Implemented per plan docs/superpowers/plans/2026-05-18-attachments-backend.md (26 tasks, 9 phases).

Architecture

  • Worker mints short-lived S3-style presigned URLs via aws4fetch for direct client/plugin ↔ R2 transfer.
  • ConversationDO owns the attachment row lifecycle: pendinglinked, sync-delete on message edit/delete and conversation destroy, 24h orphan-sweep alarm.
  • Plugin uploads/downloads through identical routes via the controller relay.
  • Bot status carries a new optional capabilities: Capability[] field so clients can gate the attachment picker.

What's included

Shared schemas (@kilocode/kilo-chat):

  • capabilitySchema ('attachments').
  • attachmentBlockSchema joined into contentBlockSchema / inputContentBlockSchema.
  • messageCreatedWebhookSchema.attachments[] (max 10), text relaxed to allow empty when attachments present.
  • botStatusRequestSchema / botStatusRecordSchema / botStatusEventSchema accept optional capabilities.

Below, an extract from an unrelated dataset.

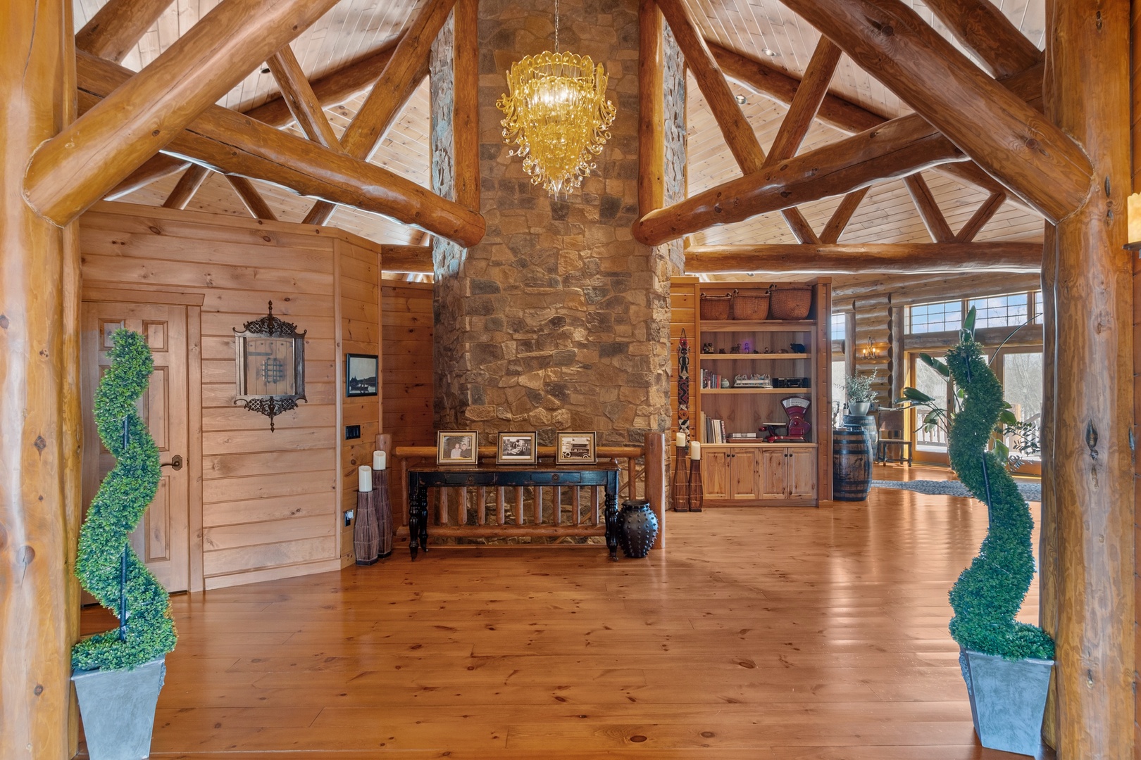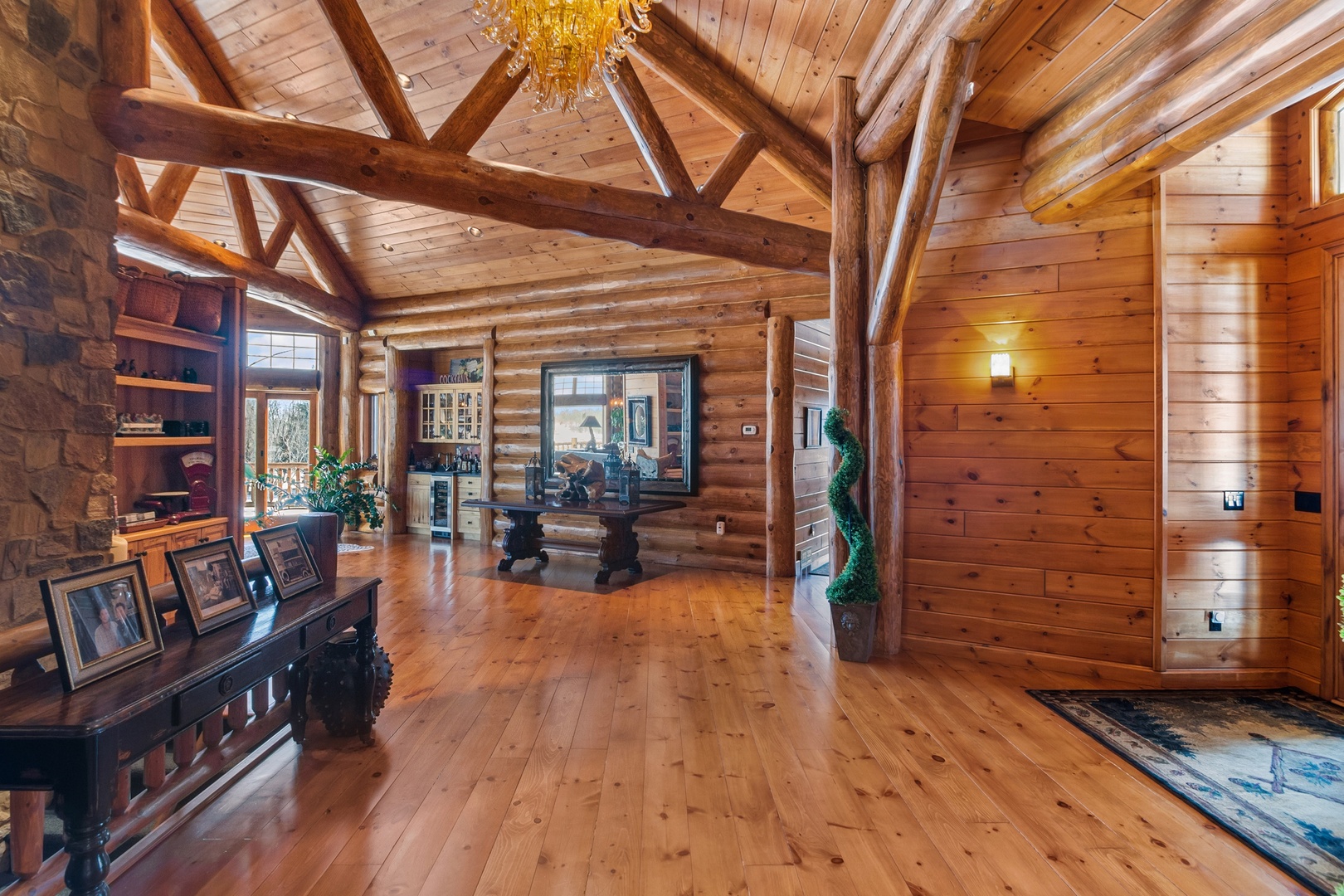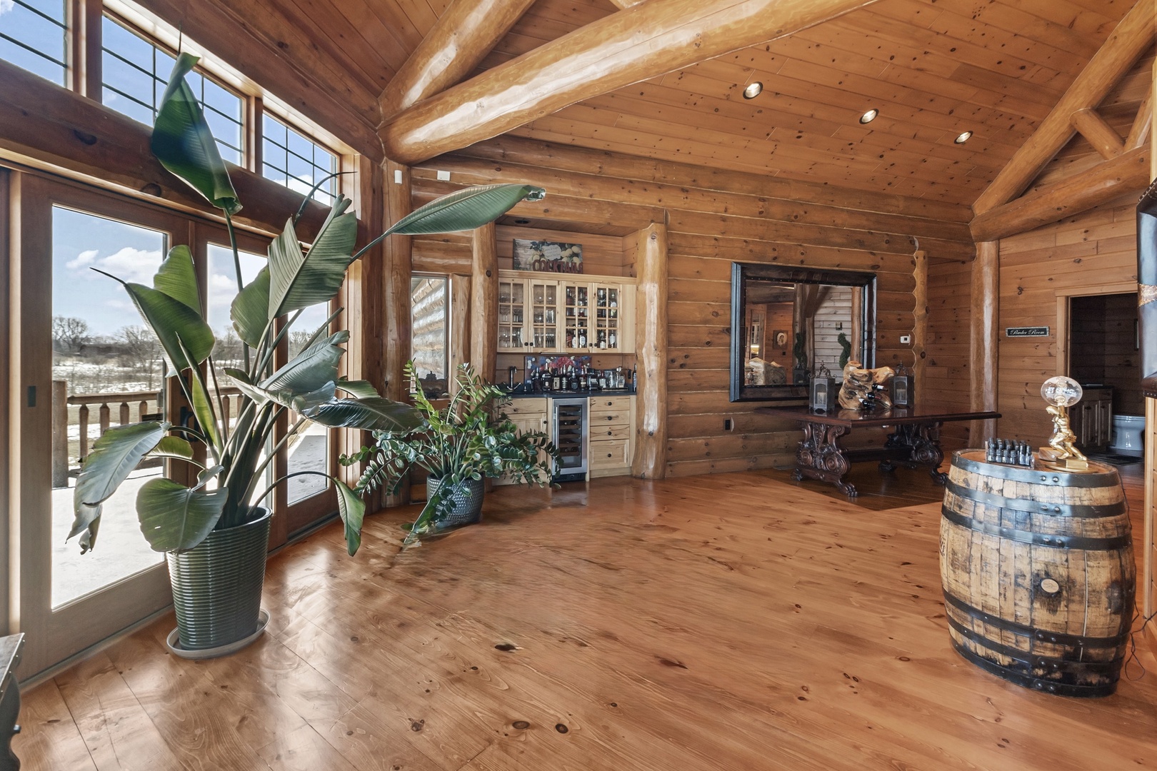 Private custom-built log estate set on 40 rolling acres just minutes from Lake Geneva. This 7,750 square foot lodge-style residence offers 6 bedrooms, 4.5 baths and is designed for both everyday living and large scale entertaining...The dramatic two-story great room features a floor to ceiling stone fireplace and expansive windows overlooking the property...A gourmet kitchen with high-end appliances, walk-in pantry and custom finishes opens to an oversized wraparound deck with panoramic views... The walkout lower level includes a full entertainment space with home theater, wet bar, wine cooler and additional living area with fireplace... The property offers a rare combination of privacy and usability, with open fields, maturing black walnut plantings and a 50' x 80' heated outbuilding with 800 AMP 3-phase power----ideal for hobby, storage or business use...This is a unique opportunity for a private estate, equestrian use or retreat style living within reach of Chicago, Milwaukee and the Lake Geneva areas - Call for Details!
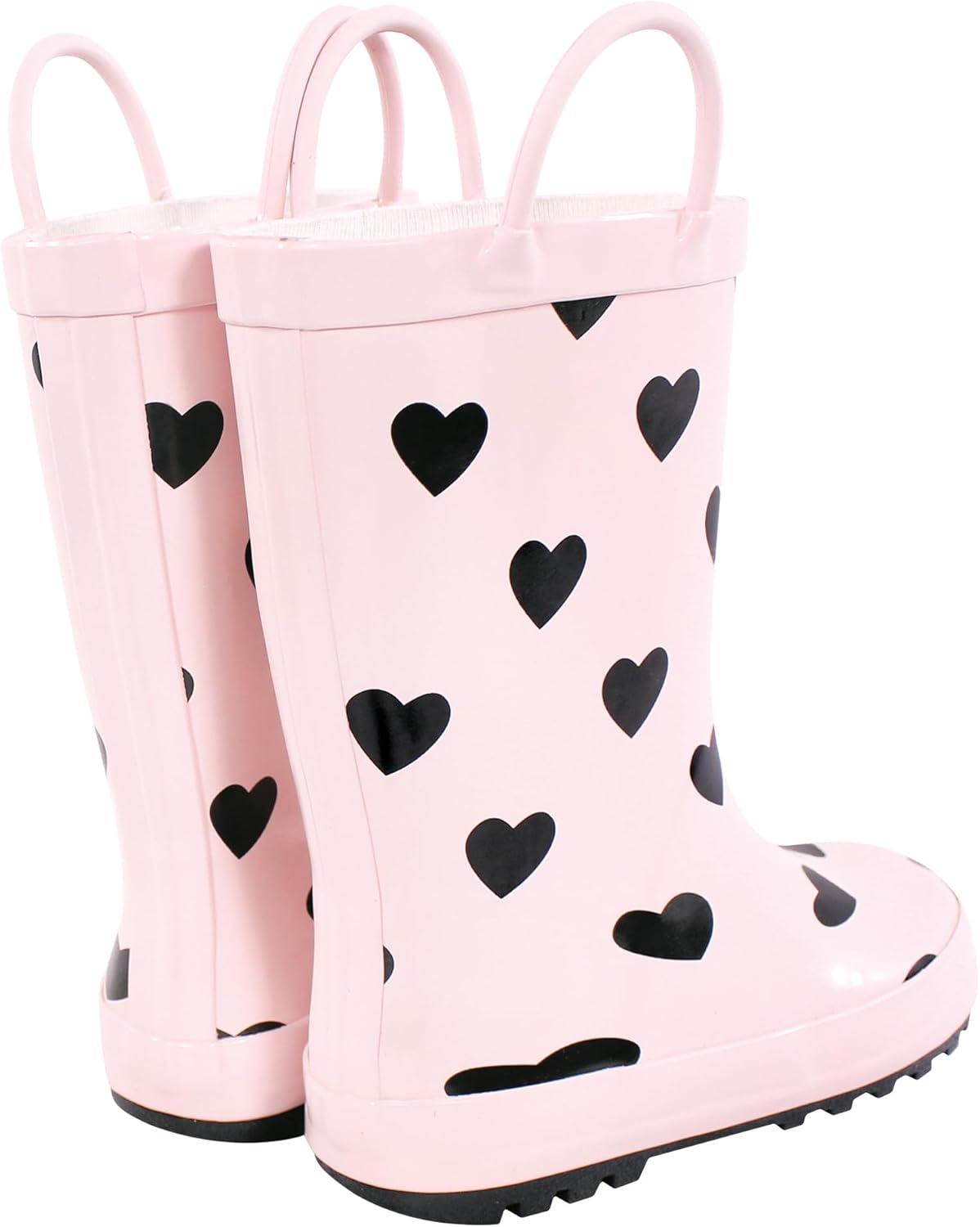 Hudson Baby Unisex Baby and Toddler Rain Boots(Pink Black Heart)

services/kilo-chat worker:

  • MEDIA_BUCKET R2 binding + aws4fetch dependency.
  • New secrets store refs: R2_ACCESS_KEY_ID_KILOCHAT_MEDIA, R2_SECRET_ACCESS_KEY_KILOCHAT_MEDIA.
  • New R2_ACCOUNT_ID / R2_BUCKET_NAME / KEY_PREFIX vars. (Dev override: wrangler dev --var KEY_PREFIX:dev/.)
  • src/util/presigner.ts (mintPutUrl/mintGetUrl) and src/util/attachment-key.ts.
  • New attachments table on ConversationDO + migration; new capabilities column on bot_status + migration.
  • ConversationDO: initAttachment (30s idempotency), getAttachmentForRead, createMessage links rows, editMessage allows attachment subset, deleteMessage/destroy purge from R2, 24h orphan-sweep alarm.
  • Routes: POST /v1/attachments/init and GET /v1/attachments/:id/url?conversationId=…, mounted on both user (/v1/...) and bot (/bot/v1/sandboxes/:sandboxId/...) scopes.
  • Webhook buildPayload emits attachments; tolerates empty text when attachments are present.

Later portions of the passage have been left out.